* _PROMPT_: Repeat the listing exactly. Pictures stay out of your copy.

──────── DATA SEGMENT

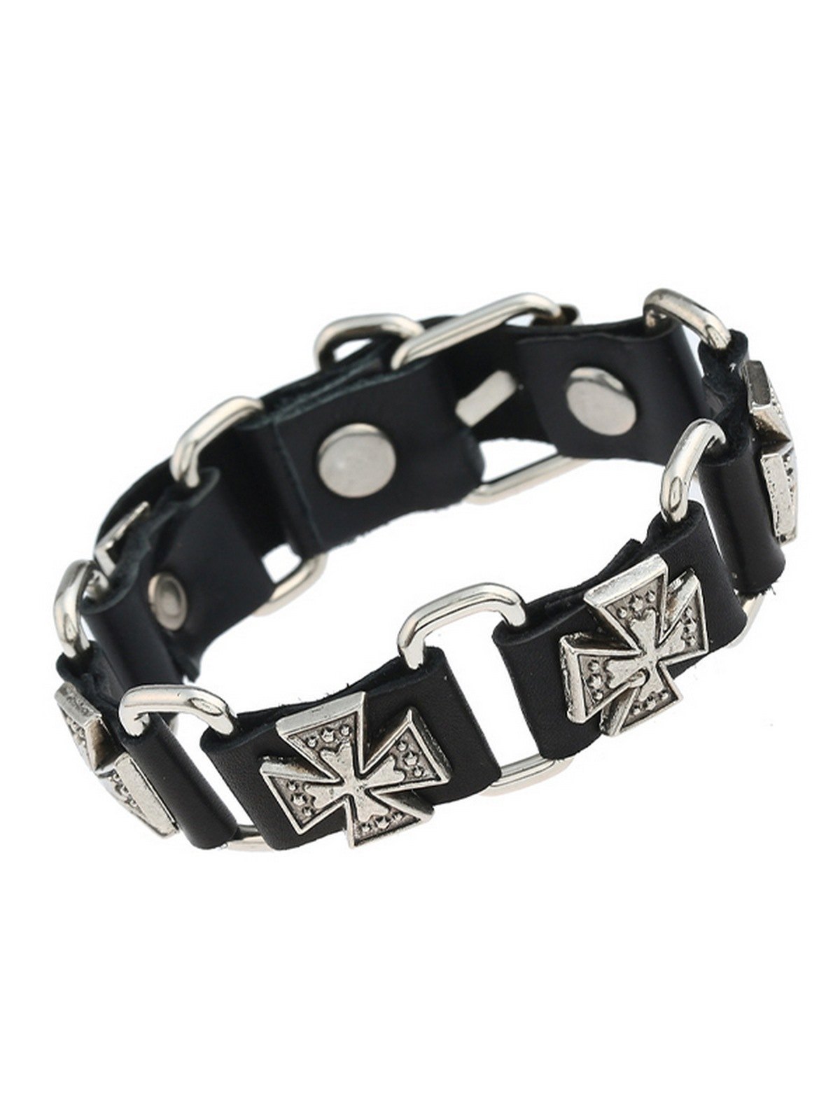 Pulsera de eslabones de cuero de pu con patrón de cruz para hombre
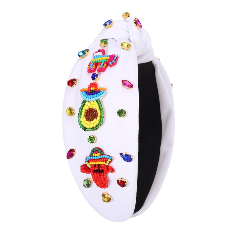 YAHPERN Mexican Headband for Women Cinco De Mayo Headband Beaded Fiesta Knotted Headband Embellished Rhinestone Crystal Wide Top Knot Headband Mexican Holiday Hair Accessory Party Favors Gifts (Mix)
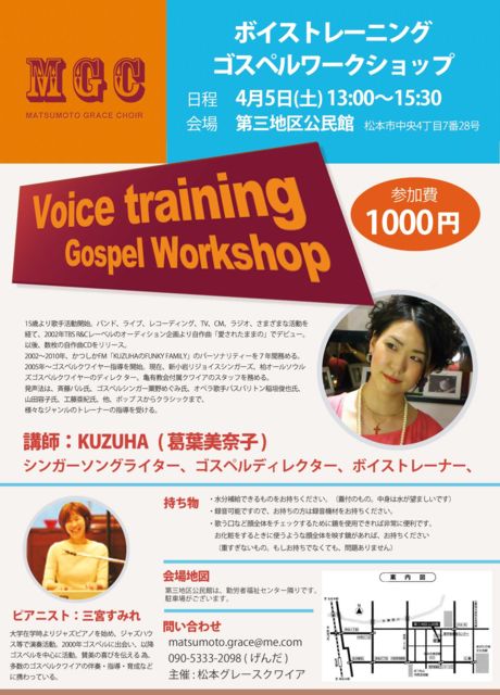 ²Î¤Î¤¿¤á¤Î»ÑÀª¡¢¸ÆµÛ¤½¤·¤Æ·ò¤ä¤«¤ÊȯÀ¼¤Î¤¿¤á¤Î¥È¥ì¡¼¥Ë¥ó¥°¤òÂθ³¡ª ¤½¤·¤Æ¥´¥¹¥Ú¥ë¤â²Î¤Ã¤Á¤ã¤¤¤Þ¤¹¡ª·Ð¸³¼Ô¤Ï¤â¤Á¤í¤ó¡¢½é¿´¼Ô¤âÂç´¿·Þ¤Ç¤¹¡£ ÆüÄø¡§4·î£µÆü¡ÊÅÚ¡Ë13:00~15:30 »²²ÃÈñ¡§1,000±ß ²ñ¡¡¾ì¡§Âè»°ÃÏ¶è¸øÌ±´Û¡Ê¾¾ËÜ»ÔÃæ±û£´ÃúÌÜ£·-£²£¸¡Ë http://www.city.matsumoto.nagano.jp/sisetu/kominkan/daisanntiku.html ¹Ö¡¡»Õ¡§KUZUHA¡Ê³ëÍÕÈþÆà»Ò¡Ë¥Ô¥¢¥Ë¥¹¥È¡§»°µÜ¤¹¤ß¤ì »ý¤Áʪ¡§°ûÎÁ¿å¡¢¤¢¤ì¤ÐÏ¿²»µ¡ºà¤È¼ê¶À¡Ê¸ý¤Î·Á¤Ê¤É¤Î¥Á¥§¥Ã¥¯¤Î¤¿¤á¡Ë Ì䤤¹ç¤ï¤»Àè¡§matsumoto.grace@me.com¡¡090-5333-2098(¤²¤ó¤À) ¹Ö»Õ¾Ò²ð KUZUHA¡Ê
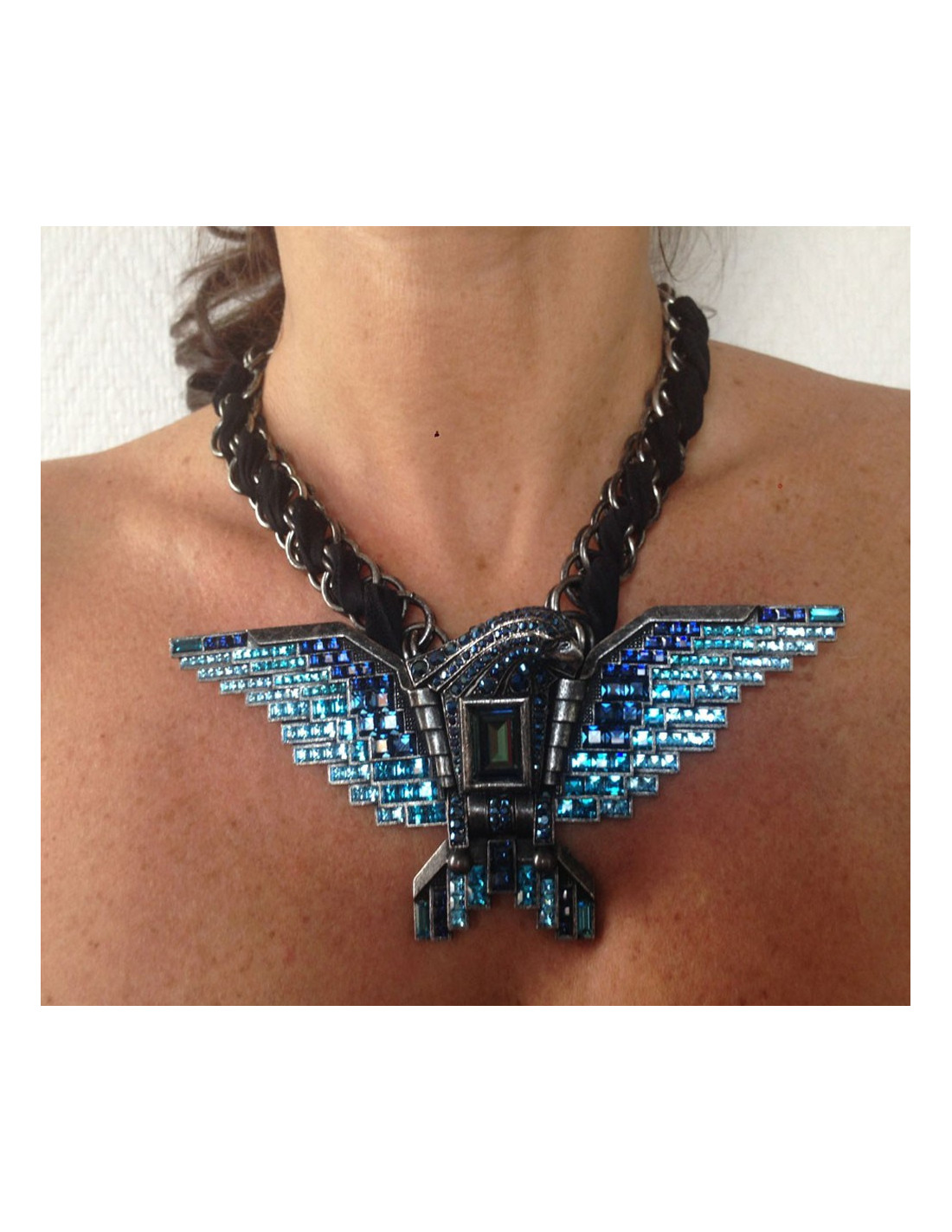 Collier LANVIN aigle articulé strass bleus et métal

────────────────

* _EXERCISE ANSWER_:
 Pulsera de eslabones de cuero de pu con patrón de cruz para hombre
 YAHPERN Mexican Headband for Women Cinco De Mayo Headband Beaded Fiesta Knotted Headband Embellished Rhinestone Crystal Wide Top Knot Headband Mexican Holiday Hair Accessory Party Favors Gifts (Mix)
 ²Î¤Î¤¿¤á¤Î»ÑÀª¡¢¸ÆµÛ¤½¤·¤Æ·ò¤ä¤«¤ÊȯÀ¼¤Î¤¿¤á¤Î¥È¥ì¡¼¥Ë¥ó¥°¤òÂθ³¡ª ¤½¤·¤Æ¥´¥¹¥Ú¥ë¤â²Î¤Ã¤Á¤ã¤¤¤Þ¤¹¡ª·Ð¸³¼Ô¤Ï¤â¤Á¤í¤ó¡¢½é¿´¼Ô¤âÂç´¿·Þ¤Ç¤¹¡£ ÆüÄø¡§4·î£µÆü¡ÊÅÚ¡Ë13:00~15:30 »²²ÃÈñ¡§1,000±ß ²ñ¡¡¾ì¡§Âè»°ÃÏ¶è¸øÌ±´Û¡Ê¾¾ËÜ»ÔÃæ±û£´ÃúÌÜ£·-£²£¸¡Ë http://www.city.matsumoto.nagano.jp/sisetu/kominkan/daisanntiku.html ¹Ö¡¡»Õ¡§KUZUHA¡Ê³ëÍÕÈþÆà»Ò¡Ë¥Ô¥¢¥Ë¥¹¥È¡§»°µÜ¤¹¤ß¤ì »ý¤Áʪ¡§°ûÎÁ¿å¡¢¤¢¤ì¤ÐÏ¿²»µ¡ºà¤È¼ê¶À¡Ê¸ý¤Î·Á¤Ê¤É¤Î¥Á¥§¥Ã¥¯¤Î¤¿¤á¡Ë Ì䤤¹ç¤ï¤»Àè¡§matsumoto.grace@me.com¡¡090-5333-2098(¤²¤ó¤À) ¹Ö»Õ¾Ò²ð KUZUHA¡Ê
 Collier LANVIN aigle articulé strass bleus et métal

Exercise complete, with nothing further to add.